» **ASSIGNED TASK**: Would you give the listing back word for word once its pictures are removed?

» **DATA SHOWN**:
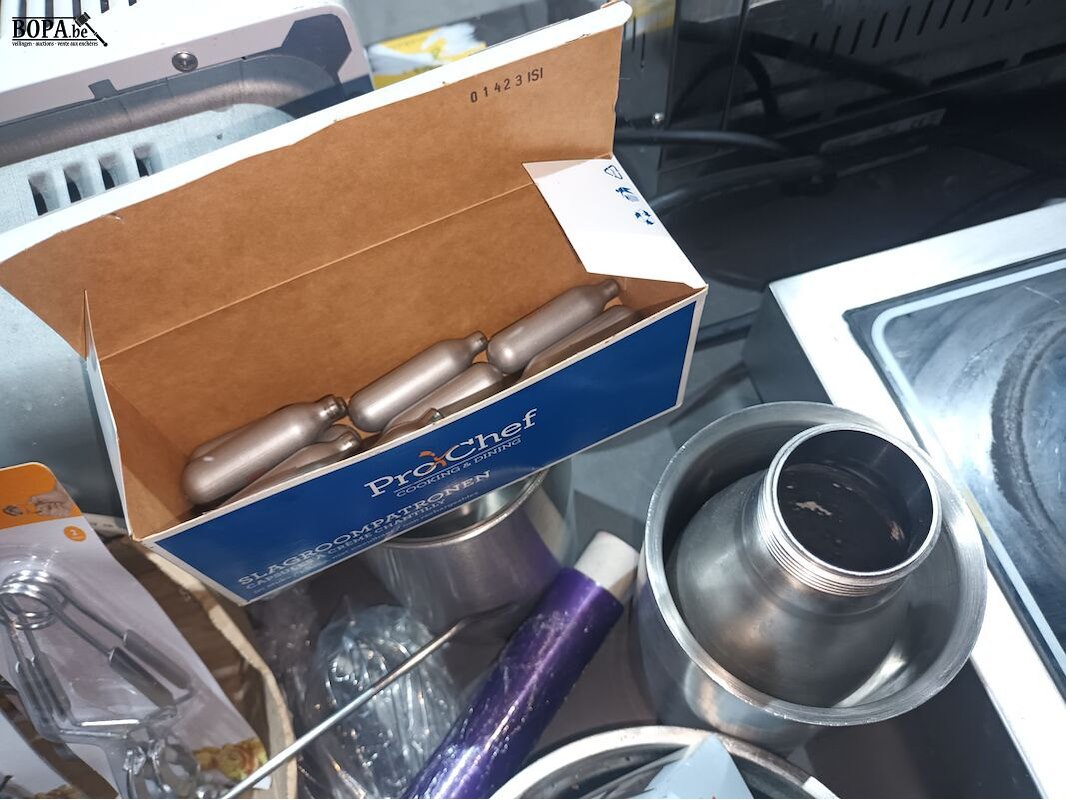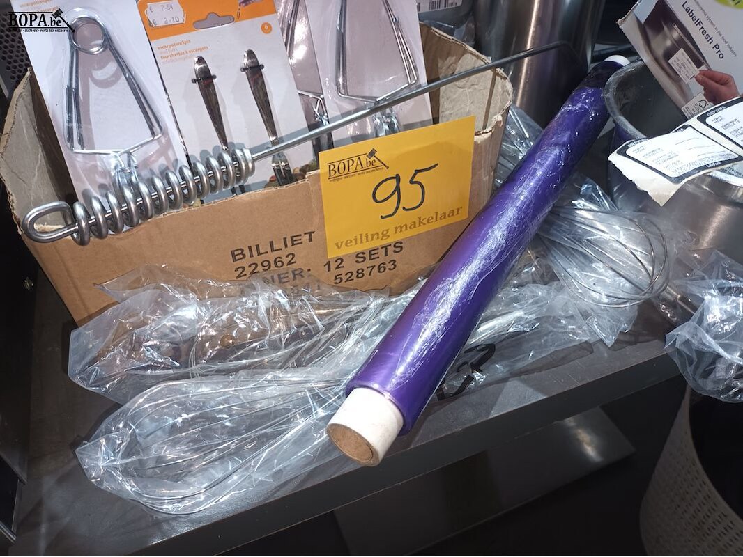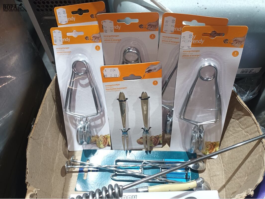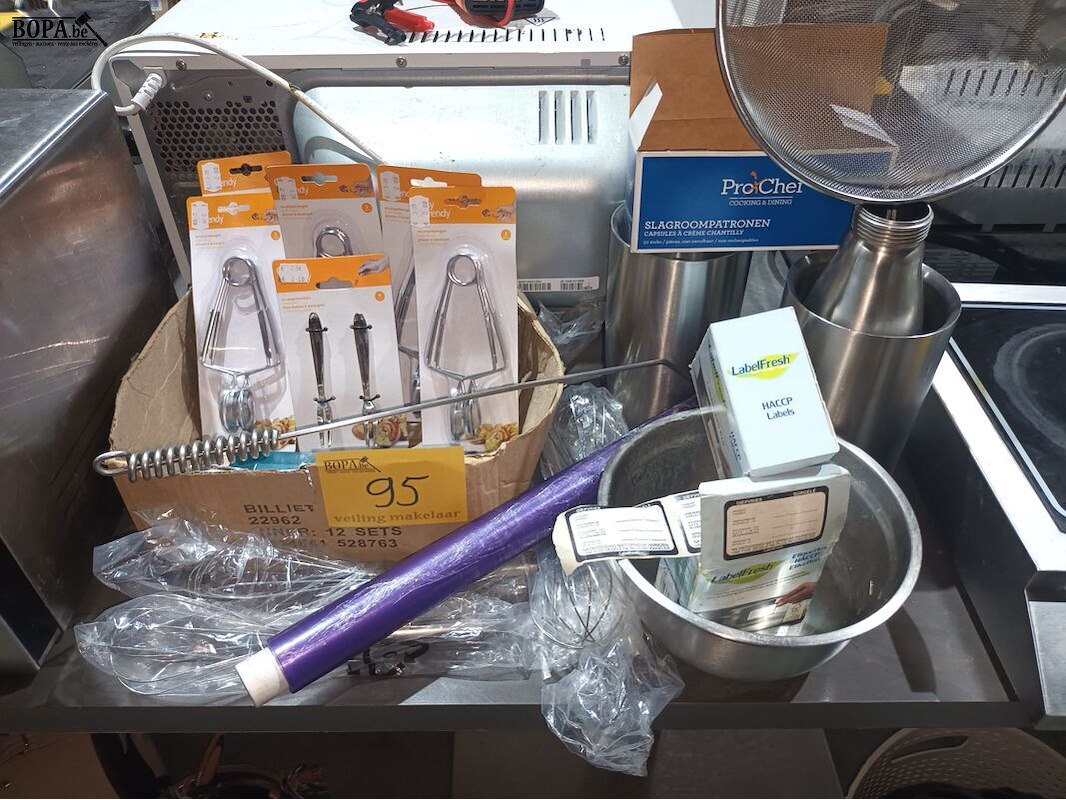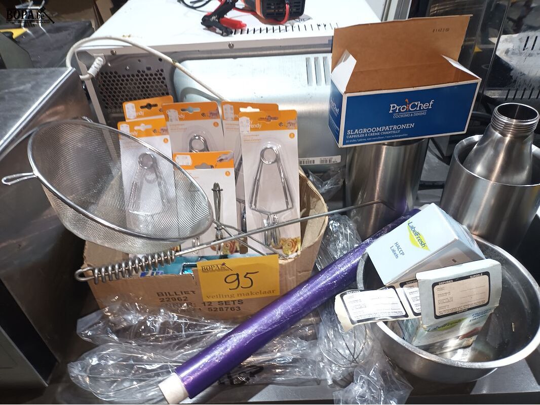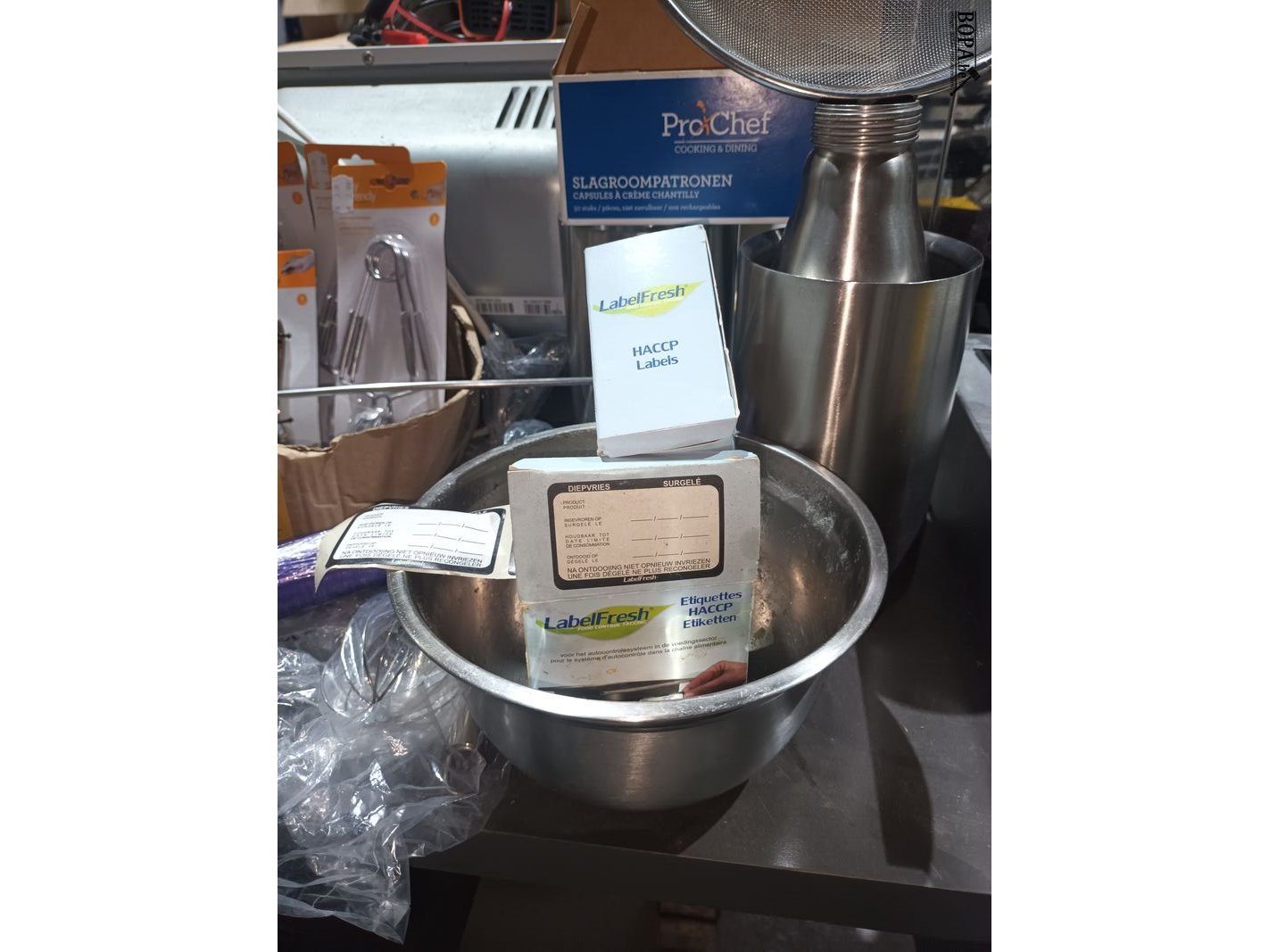 Lot keukengerei zoals gardes, mengkom, zeef, slagroompatronen, tangen en vorken voor escargots, Haccp labels, etc.
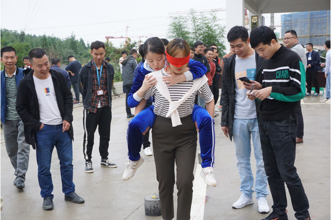 伴随着庄严肃穆的升旗仪式结束,文娱活动拉开帷幕,活动包括瞎子背瘸子、多人跳绳比赛、无敌风火轮、粉末登场、拔河比赛等项目。虽然天公不作美,但是并不影响队员们的发挥,活动过程充满一片欢声笑语,参赛队员们全神贯注、相互配合、默契十足,现场高潮迭起、气氛热烈。
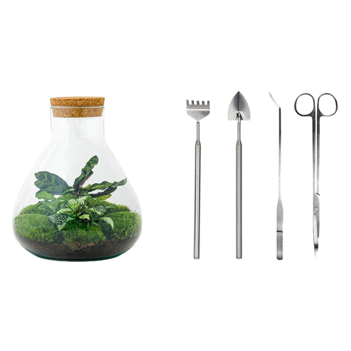Met een Do-It-Yourself planten terrarium van urbanjngl haal je een zelfvoorzienende biotoop in huis waar je nog jarenlang plezier van zal hebben. Nadat jijzelf, of de persoon waaraan jij dit terrarium cadeau gaat geven, met het meegeleverde vijf-stappenplan zelf je eigen mini-ecosysteem in elkaar hebt gezet wordt het water via verdamping door de planten en mossen gerecycled.
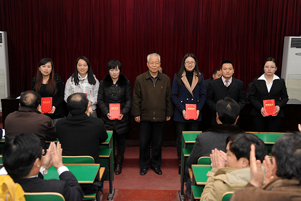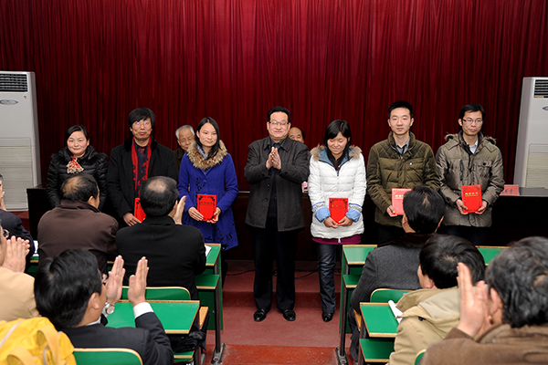 在熱烈的掌聲中,劉建林、王思懷、陳永莊、魏書堂分別為2013年度校級優(yōu)秀教案及優(yōu)秀電子課件獲獎?wù)?、?yōu)秀實習(xí)帶隊教師、教學(xué)技能競賽優(yōu)勝者、校級教學(xué)成果獎獲得者、校級本科教學(xué)工程精品課程和雙語教學(xué)示范課負責(zé)人、校級教學(xué)名師、省級科學(xué)成果二等獎獲得者頒獎;為省級本科教學(xué)工程項目授牌。副院長魏書堂宣讀了表彰決定。
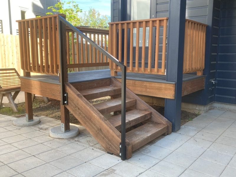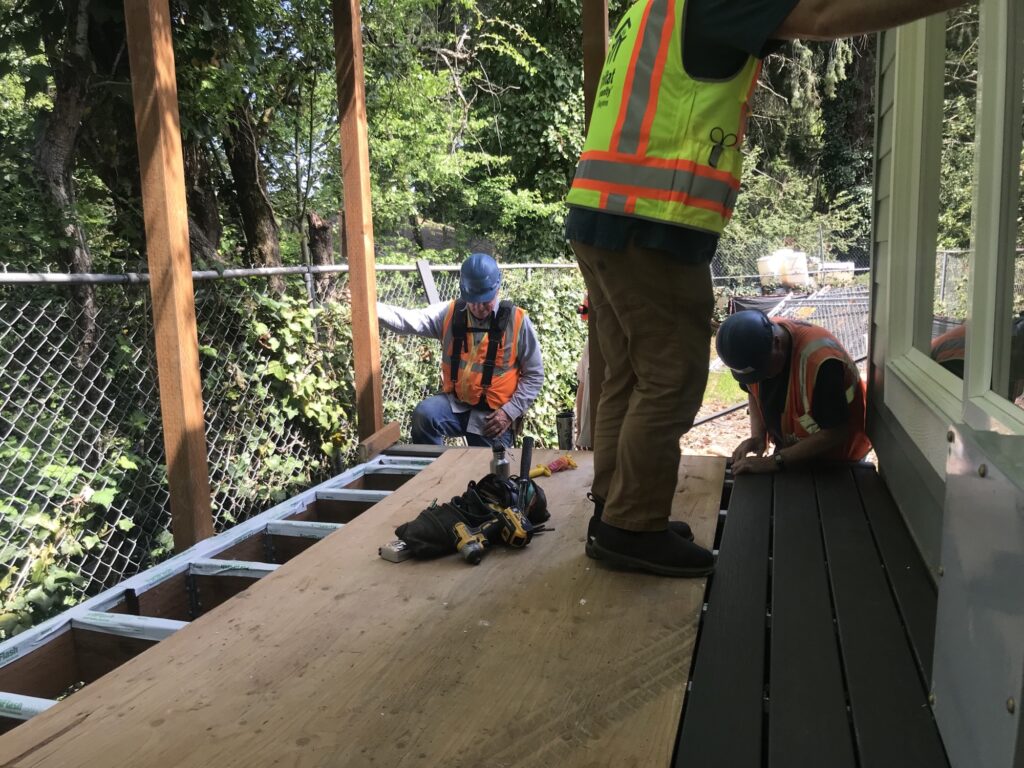 The Wednesday volunteer group was proud to install Trex on the deck for Building 7. The day it was completed was a momentous one in a couple other ways as well: the site’s last 4 certificates of occupancy came in, and it was also the sendoff for Flora Lang, the assistant site superintendent, who is leaving to study sustainable building. Thanks to the help of Flora, other Habitat staff, and volunteers, the Cherry Blossom project is expected to be completed in the next two months.

» **TASK ANSWER**:
 Lot keukengerei zoals gardes, mengkom, zeef, slagroompatronen, tangen en vorken voor escargots, Haccp labels, etc.
 伴随着庄严肃穆的升旗仪式结束,文娱活动拉开帷幕,活动包括瞎子背瘸子、多人跳绳比赛、无敌风火轮、粉末登场、拔河比赛等项目。虽然天公不作美,但是并不影响队员们的发挥,活动过程充满一片欢声笑语,参赛队员们全神贯注、相互配合、默契十足,现场高潮迭起、气氛热烈。
Met een Do-It-Yourself planten terrarium van urbanjngl haal je een zelfvoorzienende biotoop in huis waar je nog jarenlang plezier van zal hebben. Nadat jijzelf, of de persoon waaraan jij dit terrarium cadeau gaat geven, met het meegeleverde vijf-stappenplan zelf je eigen mini-ecosysteem in elkaar hebt gezet wordt het water via verdamping door de planten en mossen gerecycled.
 在熱烈的掌聲中,劉建林、王思懷、陳永莊、魏書堂分別為2013年度校級優(yōu)秀教案及優(yōu)秀電子課件獲獎?wù)?、?yōu)秀實習(xí)帶隊教師、教學(xué)技能競賽優(yōu)勝者、校級教學(xué)成果獎獲得者、校級本科教學(xué)工程精品課程和雙語教學(xué)示范課負責(zé)人、校級教學(xué)名師、省級科學(xué)成果二等獎獲得者頒獎;為省級本科教學(xué)工程項目授牌。副院長魏書堂宣讀了表彰決定。
 The Wednesday volunteer group was proud to install Trex on the deck for Building 7. The day it was completed was a momentous one in a couple other ways as well: the site’s last 4 certificates of occupancy came in, and it was also the sendoff for Flora Lang, the assistant site superintendent, who is leaving to study sustainable building. Thanks to the help of Flora, other Habitat staff, and volunteers, the Cherry Blossom project is expected to be completed in the next two months.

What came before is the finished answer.